Где-то, вопреки этой войне, сквозь светомаскировку бесстрашно улыбалась щелочка одинокого окна – молчаливо, как надежда, как вера, которая тоненькой благовосковой свечой сияет одна на все широкое сердце.
«Никто не заметил, что меня не было целых три часа! Когда я должна была лазать и спасать. Никогда не прощу себе… Мне нужно было умереть тогда, когда я тащила его, сгинуть, исчезнуть! Пусть бы меня убили тогда вместе с ним… Ах ты, Господи, что значит «вместе»? Откуда это «вместе»?!
Ванюша тяжело вздохнул во сне.
***
– Этот фриц ничего не знает. Он, в самом деле, врач, Света, как вы и подумали.
Девушка и лейтенант брели по единственной аллее у госпиталя.
– Картский настаивает на расстреле. А Миров хочет нового допроса. Да разве сейчас их черный род пожалуют? Вот увидите, не сегодня-завтра поставят к стенке. Картский прав. На войне жестокость священна.
Светка щурилась, подставляя лицо солнцу, которое стало теперь слишком редким явлением.

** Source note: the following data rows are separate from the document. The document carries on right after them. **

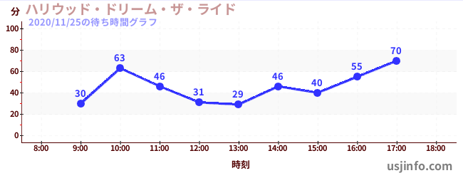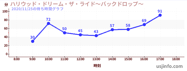 • ハリウッド・ドリーム・ザ・ライド〜バックドロップ〜$B$N(B2020年11月25日の待ち時間
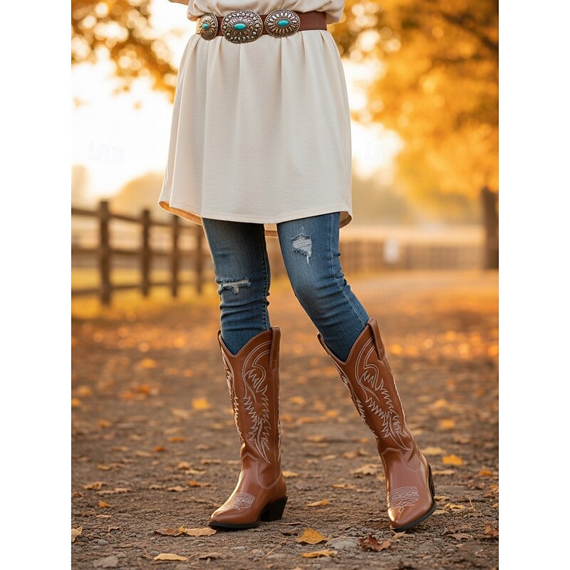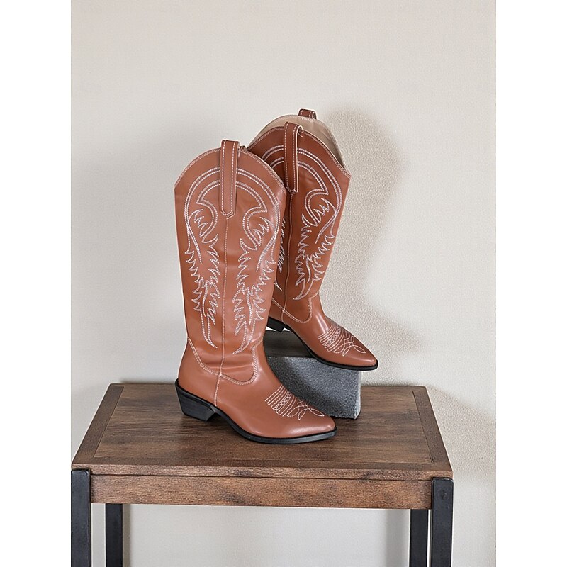This Women's Brown Cowboy Boots with Embroidered Western Stitching, Pointed Toe and Low Block Heel - Stylish Urban Casual Footwear for Women's Streetwear and Everyday Outfits combines elegant design with practical functionality. Every detail has been carefully considered to ensure you get the best possible experience. The high quality construction means this product will serve you well for years to come.
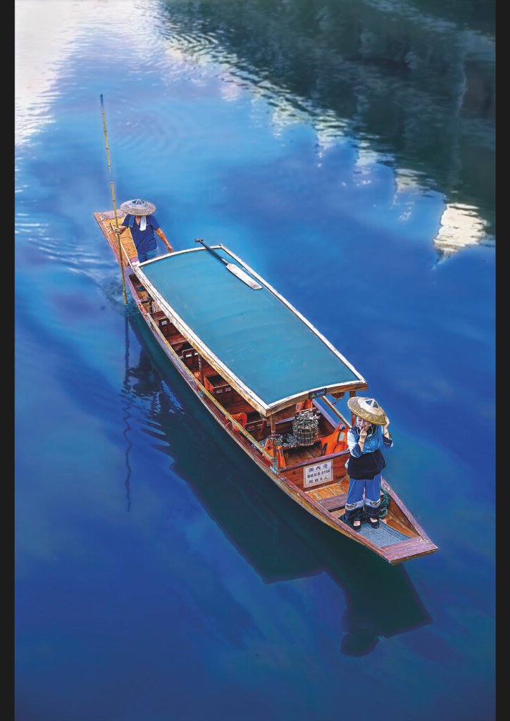 Una barca sampan tradicional de fusta, coberta amb una teulada verda blava, sura suaument en un riu d’un blau profund que reflecteix els arbres i el cel. Dues dones amb barrets cònicos nón lá i vestits senzills guien l’embarcació amb rems, evocant la vida quotidiana dels pescadors vietnamites en un paisatge serè i simètric.

– Паша, предателей ведь надо безжалостно уничтожать, верно?
Лейтенант улыбнулся.
– Да. А у вас есть на чей-то счет подозрения?
Девушка промолчала.
– Какая вы смешная бываете. И зря так хмуритесь. Вам совсем не идет.
Осень улетала вместе с подхваченными неугомонным ветром сухими листьями. Ворот Светкиного пальто, как крыло серой птицы, то и дело бился о щеку.
– Скоро я уеду, и мы больше никогда не встретимся.
Светка заметила узенькую, в одну прогнившую дощечку, скамейку под березовым деревом.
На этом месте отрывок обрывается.